We have three businesses today ... consumer-facing ... seller-facing ... developer-facing. The first two businesses are already financially meaningful businesses for Amazon.com, and we believe the third one can be too.
[Found via Matt Marshall]

Update: See also the comments in a thread on an earlier post for my thoughts on Amazon's business and their web services. An excerpt:
It may be a failure of imagination on my part, I have a hard time seeing Amazon web services as a profitable venture. I understand the argument that Amazon needs to build a lot of this anyway for internal use, but I think there is a big difference between supporting and servicing internal customers and external customers. I suspect Amazon will find it very expensive to do everything that enterprise-level paying customers will expect of them.

In addition, I find myself confused trying to determine the target market for these web services. Most web services nowadays are free and targeted at hobbyists. Amazon is hoping to extract hundreds of millions from their web services, which means they would need thousands of enterprise level clients. Does this market exist? Other utility computing offerings do not seem to have tapped it, perhaps because substitutes (e.g. leasing servers) work as well or better for many purposes.
Update: Tim O'Reilly, in an interview with Jeff Bezos at Web 2.0, beautifully summarizes the Wall Street reaction to all of this: "But, why?"

Thursday, November 02, 2006

A9 goes after advertising

Amazon's A9 appears to be refocusing on web advertising instead of web search. First, they simplified and scaled down their web search effort. Now, they are testing a new web advertising platform called Clickriver.

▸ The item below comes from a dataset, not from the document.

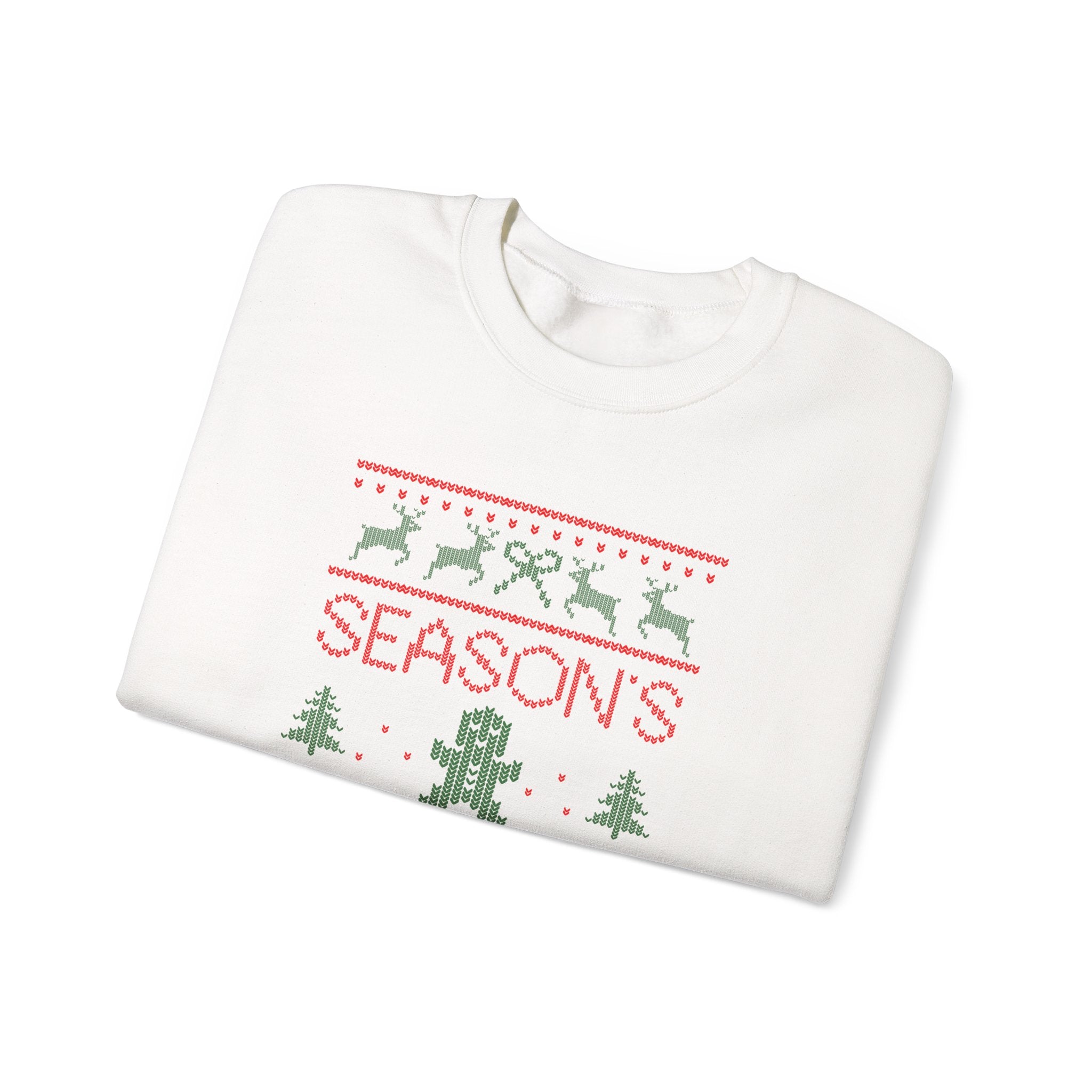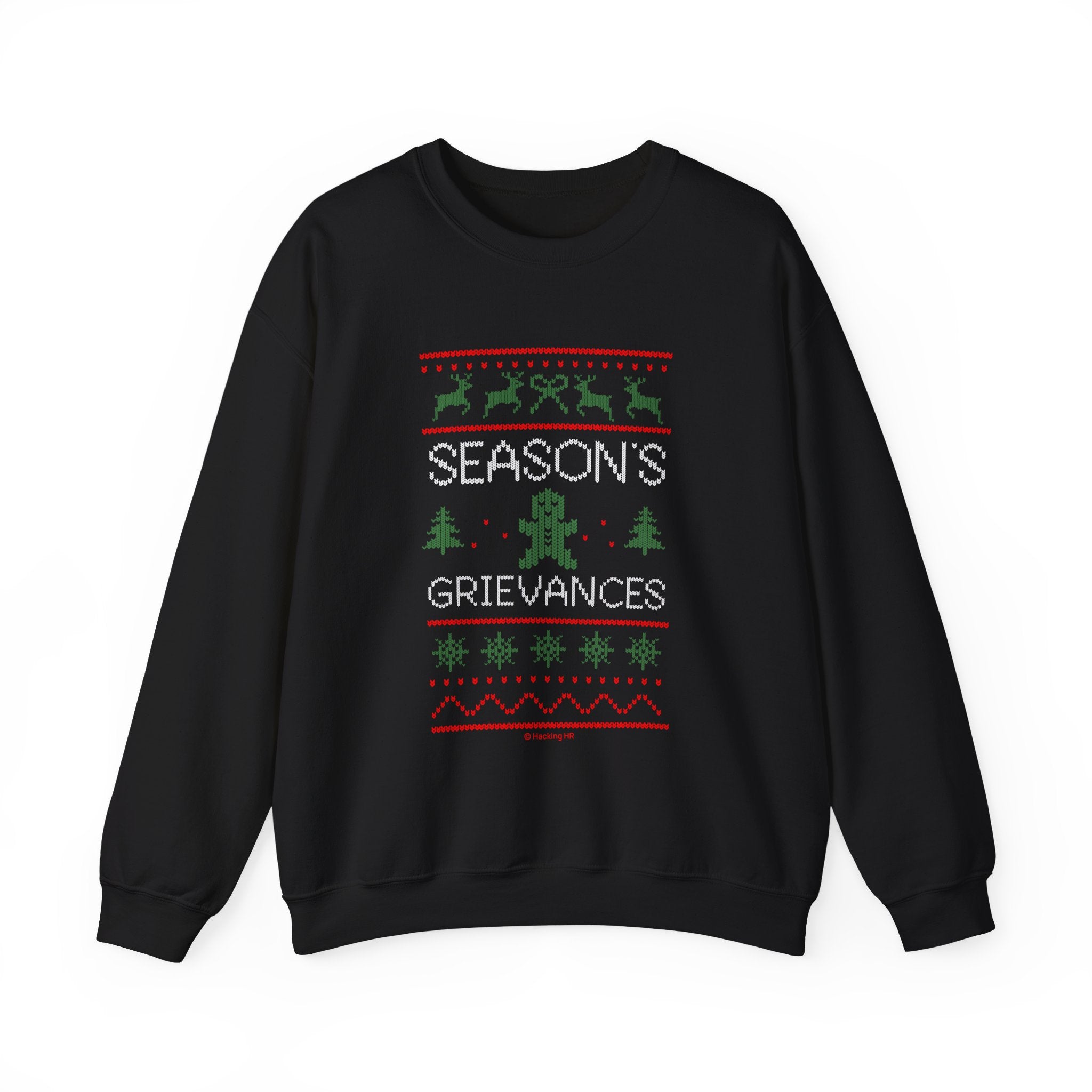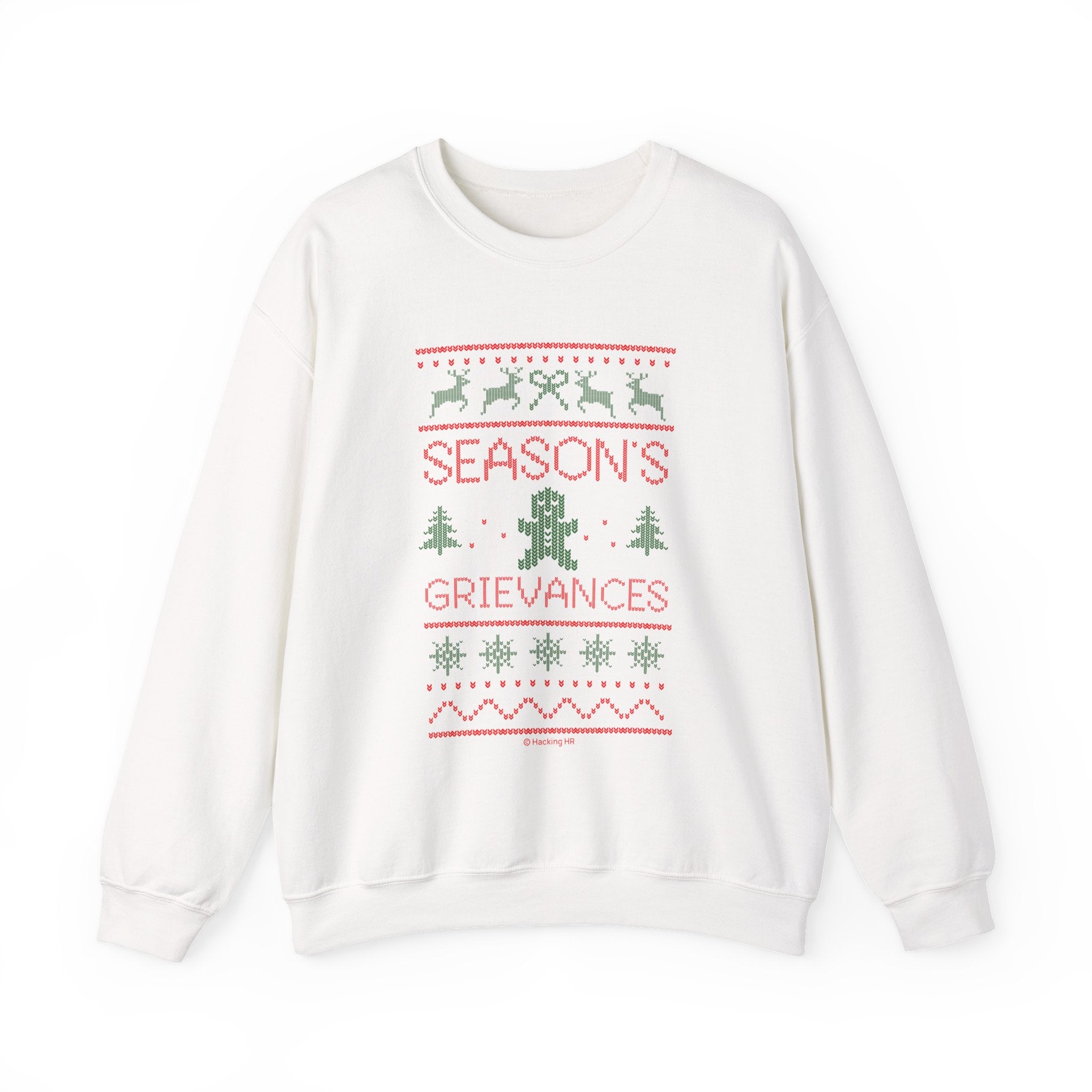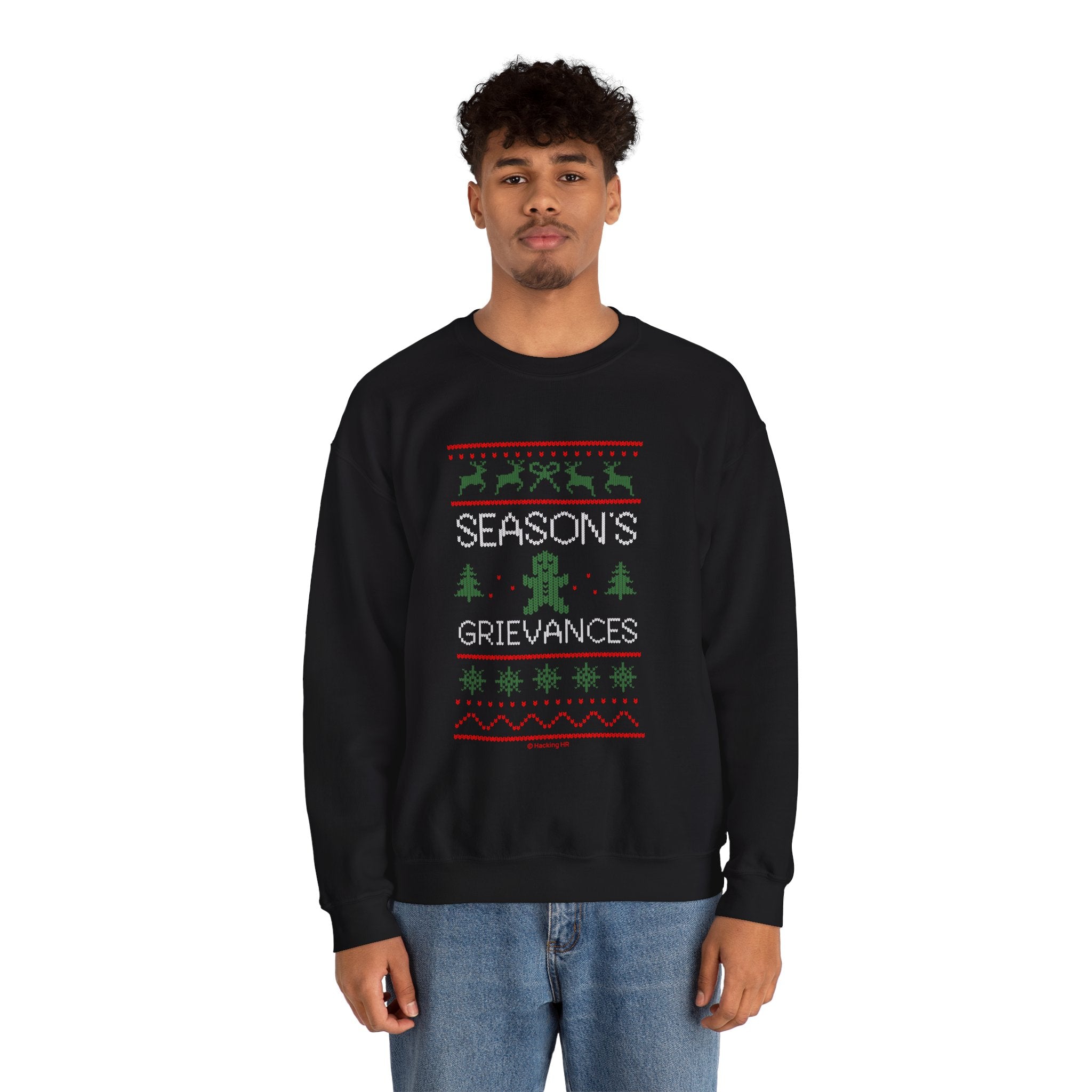 A soft, mid-weight crewneck sweater that carries a wry holiday mood. The vintage-inspired knit-style graphic reads “Season’s Grievances” with tiny reindeer, trees, snowflakes and a disgruntled gingerbread figure—playful and slightly sardonic. The 50/50 cotton‑poly blend feels cozy without being bulky, and the classic crew silhouette wears easily layered over a tee or under a coat. Subtle ribbing at the collar, cuffs and hem keeps the shape, while reinforced double-needle stitching promises long wear. Whether you’re trading holiday chaos for quiet laughs or adding a bit of dry humor to a family gathering, this sweatshirt settles into the season with soft comfort and a knowing grin.

Clickriver appears to be AdWords for Amazon -- web ads placed on Amazon.com -- and a first step toward an AdSense competitor. From the Clickriver About page:
Clickriver Ads is an advertising program ... that allows businesses to place sponsored links on Amazon.com.

Clickriver Ads will appear on Amazon.com, on search results pages and on many product detail pages.

With Clickriver, a wide range of complementary products and services can be advertised at the precise moment that someone is interested -- as they shop, browse, and search on Amazon.com. For example, ads from banks can display on pages for finance and investment books, such as on the "Road to Wealth" product page. Ads from photo printing services can display next to search results for cameras and tripods. Ads for hotels, car rentals and travel agencies can display on pages for travel books, sunglasses, suitcases, portable DVD players and other travel accessories sold on Amazon.com.

Clickriver Ads was built by A9.com, a search technologies company based in Palo Alto, California. A9.com is a wholly owned subsidiary of Amazon.com.
Back in April, in a post called, "What will become of A9?", I said:
A9 could switch to focusing on AdWords and AdSense-like advertising, building on the success of Amazon Associates.

A9 would compete with Google not on web search, where Google has a strong advantage, but on advertising, where Amazon has its massive catalog and experience selling products to leverage.
Looks like that is exactly what A9 is doing.

[Found via Gary Price, John Battelle, and John Cook]

Update: Om Malik says, "Amazon doesn't really want to be a retailer some days, does it?"